Hi 55 / Lo 36
|Volume 69, Issue 89,
Thursday, February 12, 2004
Matt Dulin Barrett Goldsmith Zach Lee
The secret's out. The clothes are off. And it's all over the news.
When the president of an adult entertainment company said students at UH and Rice University had hired topless dancers to perform at parties possibly attended by current or prospective student athletes, a gasp escaped from every newsroom in the city.
"That's a story," they said, some rushing out their camera crews and others hashing out a story from official statements released by UH and Rice.
Their source, Steve Lower, revealed the tip in a story that ran Tuesday in the Rocky Mountain News. Lower's comments came a week after a Boulder County, Colo., district attorney filed a lawsuit against the University of Colorado for using sex to lure recruits. Lower's point was that Colorado is not alone.
"It's a tradition handed down from player to player to player," Lower said, saying that school officials never knew about the parties. According to a Houston Chronicle report, UH Athletics Director Dave Maggard questioned Lower who said he could not verify that student athletes who participated in the parties.

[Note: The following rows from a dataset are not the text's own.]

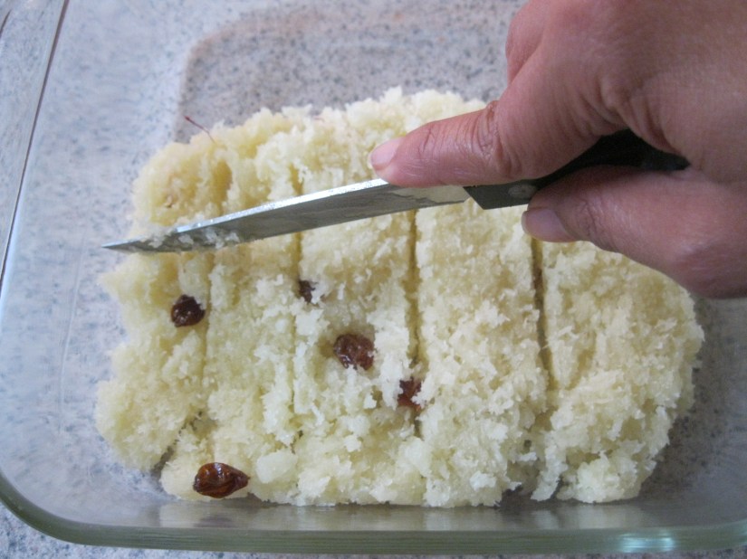- When it has cooled down slightly, cut the mixture with a greased knife into small squares gently.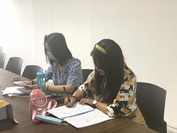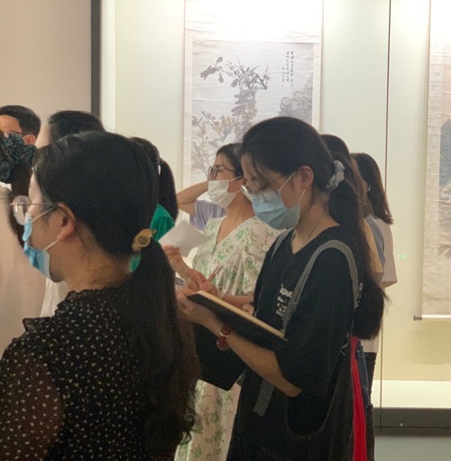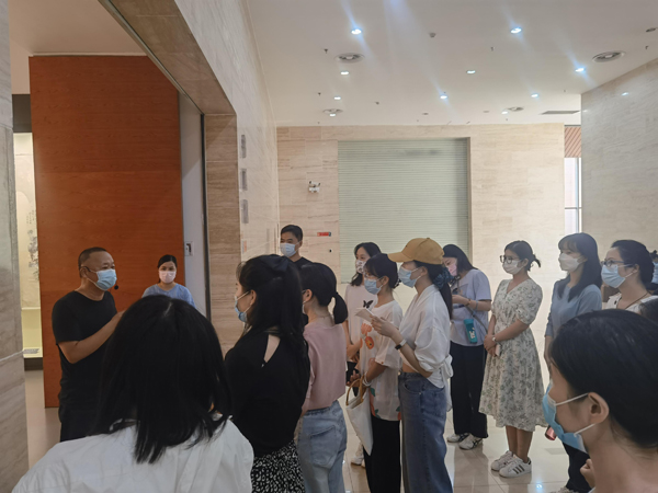 讲解员们为了丰富自身的业务知识素养,更好地服务于观众,他们大量的阅读了专业书籍并摘抄笔记。同时还到展厅内实地的学习和交流文物知识、讲解技巧以及动作神态。此外还特邀吴非老师和胡寅老师亲自为讲解员们培训和讲授书画馆的内容,讲解员们纷纷表示受益匪浅,对日后更好的进行讲解工作大有裨益。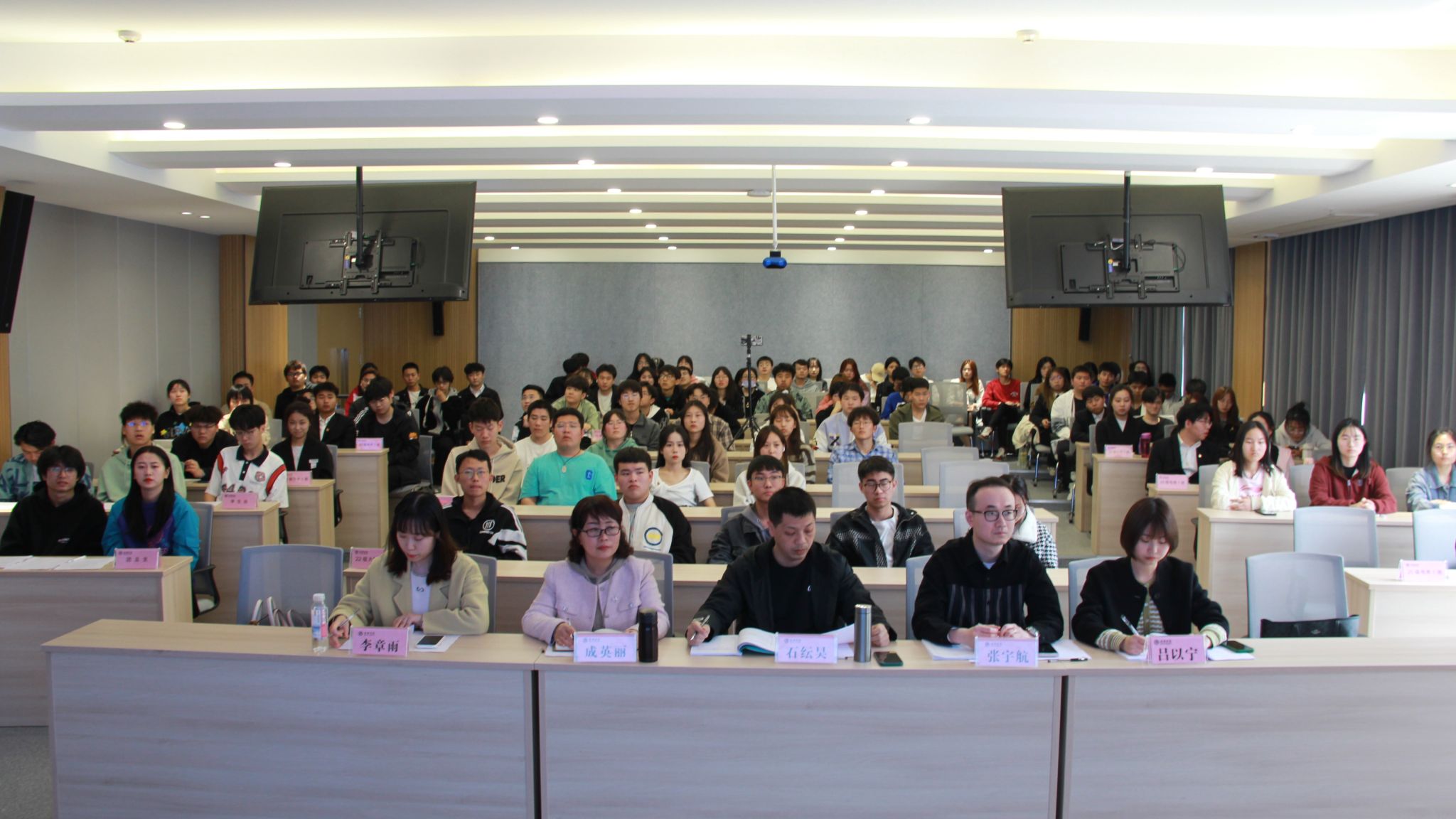 首先,由各班班长进行述职答辩。他们以PPT展示的形式分别从班级日常管理、学风建设、文体活动等方面对上学期班级取得的成绩进行汇报,并结合自身班级特点,向同学们分享了自己的工作经验,以问题为导向,总结经验、查找不足,对新学期的班级建设进行了规划。他们述职演讲图文并茂,展示了各自班级在过去一年的发展情况。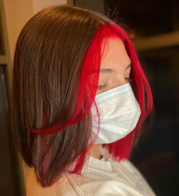 Стрижки з ультрамодним чубчиком «шторкою» стилісти пропонують прикрасити червоними відблисками. Найкраще зосереджуватися на певній ділянці волосся, як у наступному прикладі, коли акцентом став чубчик і кілька яскраво-червоних пасм біля обличчя.

Not surprisingly, UH and Rice denied knowledge of such parties. Even Lower said that his dancers had been hired by students, but he didn't know whether student athletes were involved.
So what's the story? In short, there really isn't one. Hiring dancers for private use does not violate NCAA rules.
Although we don't condone using strippers to lure student athletes, we aren't going to endorse hyped coverage of what, at this point, remains a non-situation. We've had a number of requests about why the story hasn't appeared in The Daily Cougar, and the answer is simple: Reporting on rumors is not responsible journalism.
What's on our hands now is an expectation
to immaturely report on a story bloated by both local and national media,
and we're not going to until we have all of the facts.